FAQs about Southern Buttermilk Biscuits Recipe
1. What makes Southern buttermilk biscuits soft and flaky?
Southern buttermilk biscuits become soft and flaky when we use cold butter, avoid overmixing the dough, and handle it gently.
2. Can we make buttermilk biscuits without buttermilk?
Yes. We can mix 1 cup of milk with 1 tablespoon of lemon juice or vinegar, then let it sit for 5–10 minutes as a simple buttermilk substitute.
3. Why are my biscuits not rising?
Biscuits may not rise if the baking powder is old, the dough is overworked, or the oven is not hot enough.

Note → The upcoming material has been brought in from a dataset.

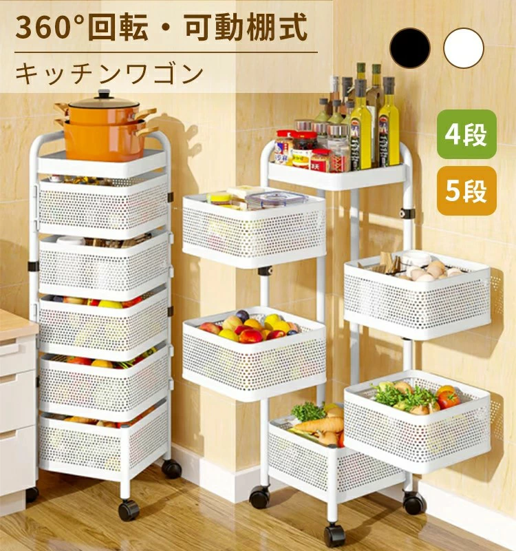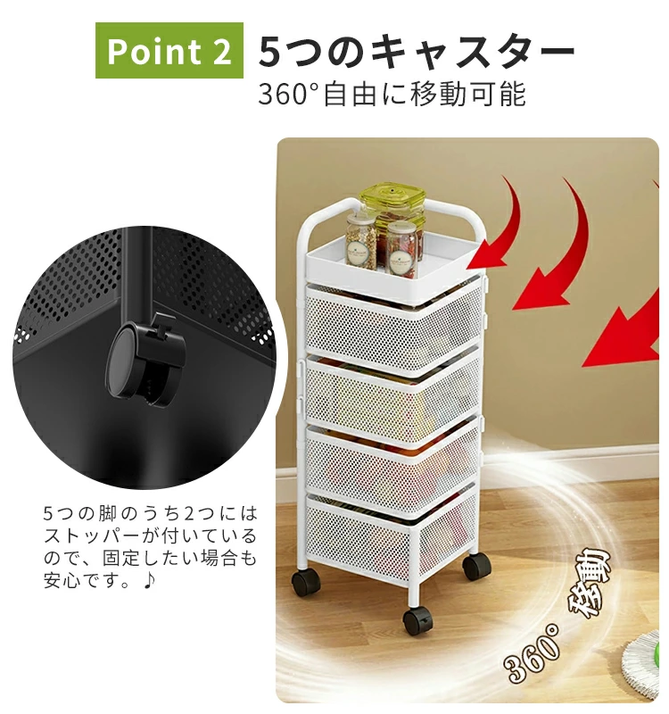 自由回転バスケットと360°自由回転ホイールデザインでスペースを取らなく、使用はとても便利です。バスケットは穴付き中空アウトデザインで通気性がよく、お掃除が簡単で、湿気が多い場所でも安心!

4. Can we freeze Southern buttermilk biscuits?
Yes. We can freeze unbaked biscuit dough or baked biscuits. For best results, freeze them in an airtight bag and bake or reheat when needed.
5. What can we serve with buttermilk biscuits?
We can serve them with butter, honey, jam, sausage gravy, fried chicken, eggs, or soups.
Final Thoughts
A properly made Southern Buttermilk Biscuit is soft, flaky, buttery, and deeply comforting. With the right techniques and quality ingredients, homemade biscuits become an easy and rewarding addition to any meal.
Whether enjoyed with classic gravy, sweet jam, or simply warm with butter, these biscuits deliver timeless Southern flavor in every bite.
Mastering this traditional recipe ensures consistently fluffy biscuits that rise beautifully and taste incredible every single time.